Let $$x \in E$$, $$U$$ be a neighbourhood of $$x$$ and let $$n \in \mathbb N$$. Then there exist $$i_1 \lt \dots \lt i_n$$ such that $$x \in I_{i_k} \subset U$$ for each $$k \in \{1, \dots,n\}$$.

Let’s prove it. As $$U$$ is supposed to be open, one can find $$m \in \mathbb N$$ large enough in order to have $$(x-2^{-m-1},x+2^{-m-1}) \subset U$$. Then $$x$$ belongs to one of the open intervals $$I_{i_1}$$ of $$O_{m+1}$$. For that $$i_1$$ we have $$I_{i_1} \subset U$$ as the length of $$I_{i_1}$$ is at most equal to $$2^{-(m+1)}$$. The prove can then be completed by induction.

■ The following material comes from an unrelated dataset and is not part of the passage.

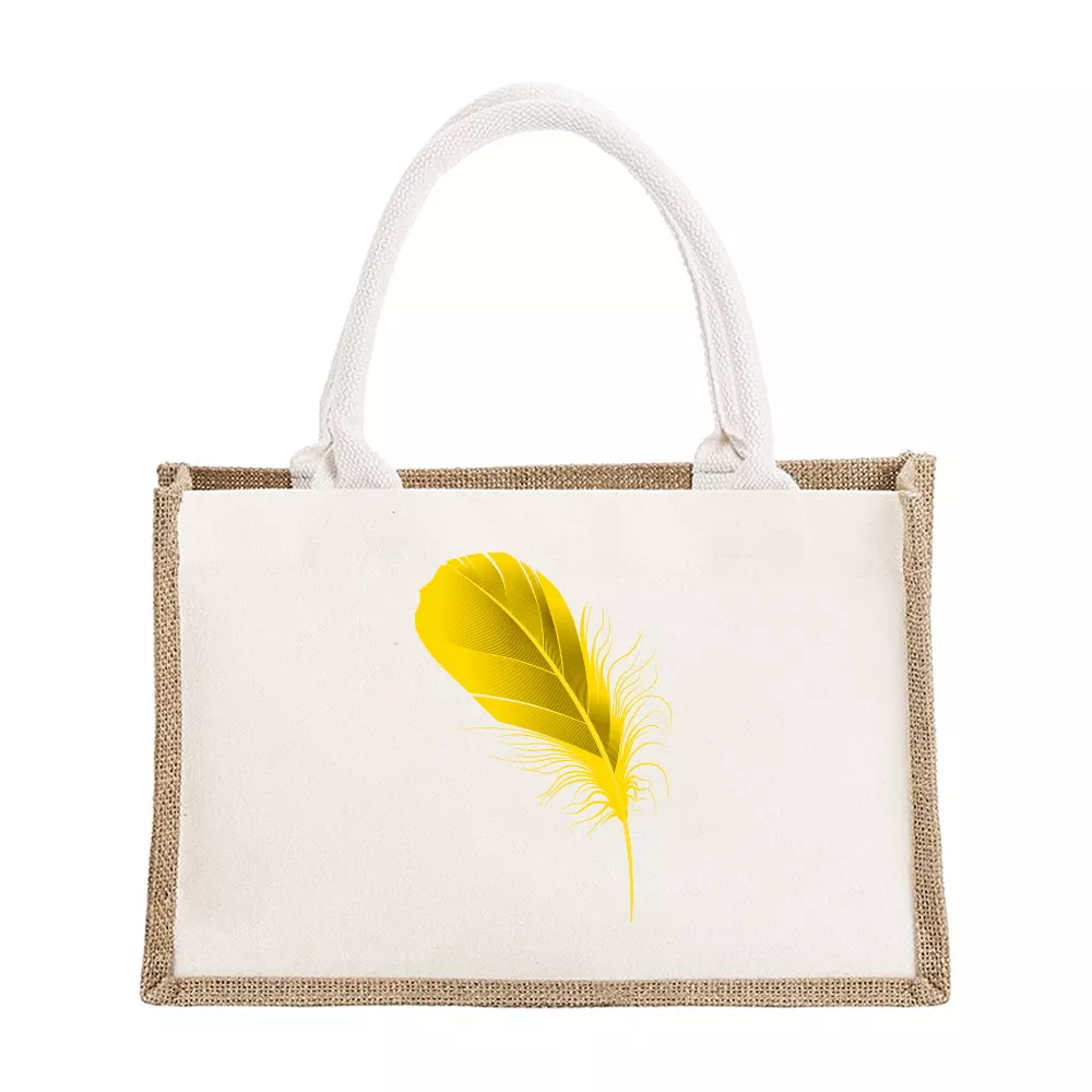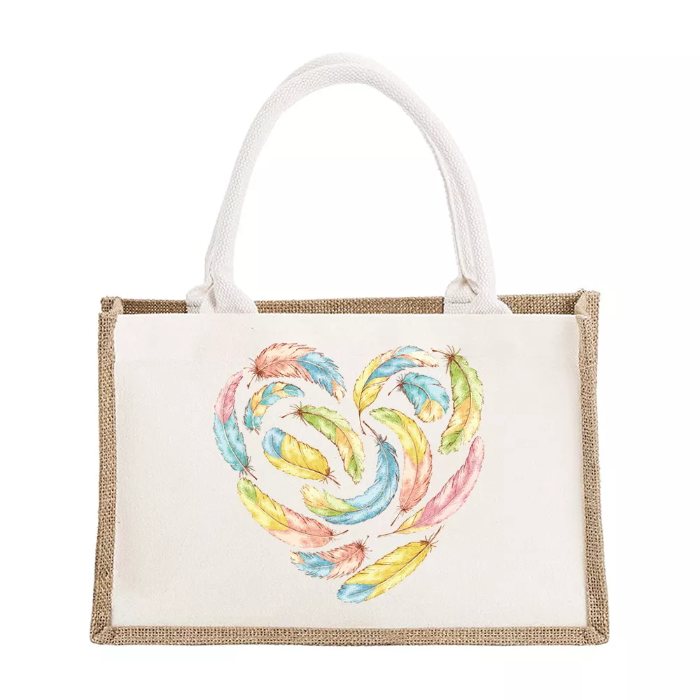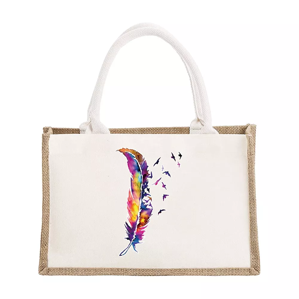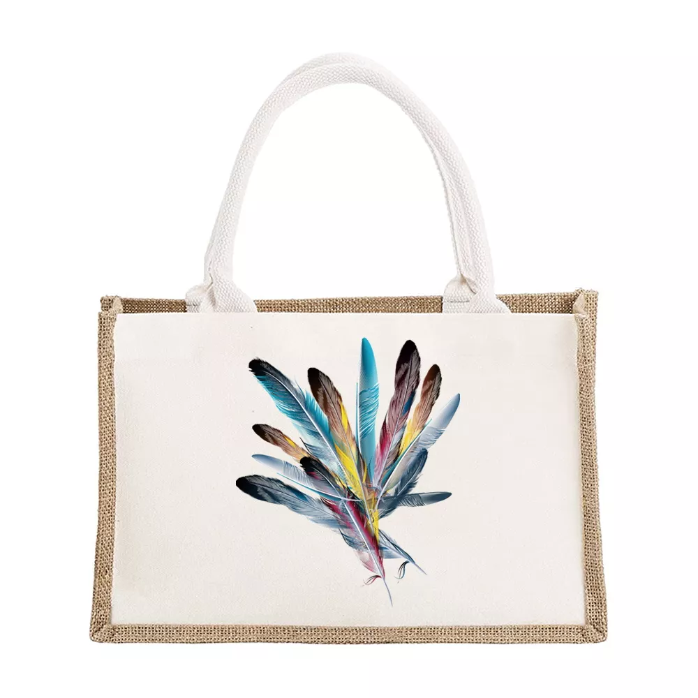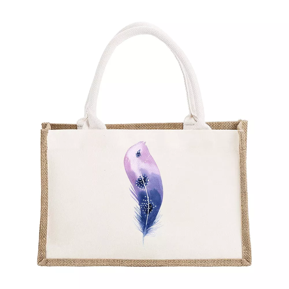 Personalized Burlap Canvas Tote Bags with Feather Print – Bridesmaid & Travel Gifts

### Defining the function $$f$$

Each open interval $$I_n$$ of $$I$$ can be written $$I_n=(p_n,q_n)$$ with $$p_n \lt q_n$$. For $$n \in \mathbb N$$ we denote $$f_n=f_{p_n,q_n}$$ and set $$f=\sum_{n=1}^\infty f_n$$. For all $$x \in \mathbb R$$ and $$n \in \mathbb N$$ we have $0 \le f_n(x) \le \pi (q_n-p_n) = \pi \mu(I_n),$ where $$\mu$$ denotes Lebesgue measure. By hypothesis, the series of positive numbers $$\sum \mu(I_n)$$ converges (and its sum is less than one). Therefore the series of positive functions $$\sum f_n$$ converges uniformly. Also $$f$$ is continuous and strictly increasing as the $$f_n$$ are all continuous and strictly increasing.

Let $$x \in E$$. We show that $$f$$ is not differentiable at $$x$$. According to previous paragraph, for all $$m \in \mathbb N$$ we can chose a sequence $$i_1 \lt \dots \lt i_m$$ such that $$x \in I_{i_k}$$ and $$I_{i_k} \subset (x -1/m,x+1/m)$$ for each $$k \in \{1, \dots, m\}$$. As $$I_{i_1} \cap \dots \cap I_{i_m}$$ is an open subset containing $$x$$, we can pick up $$y_m \in I_{i_1} \cap \dots \cap I_{i_m}$$ distinct of $$x$$. Then $\frac{f(y_m)-f(x)}{y_m-x} \ge \sum_{k=1}^m \frac{f_{i_k}(y_m)-f_{i_k}(x)}{y_m-x} \ge \sum_{k=1}^m 1 = m,$ according to the first paragraph. The sequence $$(y_m)$$ converges to $$x$$ and $\lim\limits_{n \to \infty} \frac{f(y_m)-f(x)}{y_m-x} = \infty.$ This proves that $$f$$ is not differentiable at $$x$$.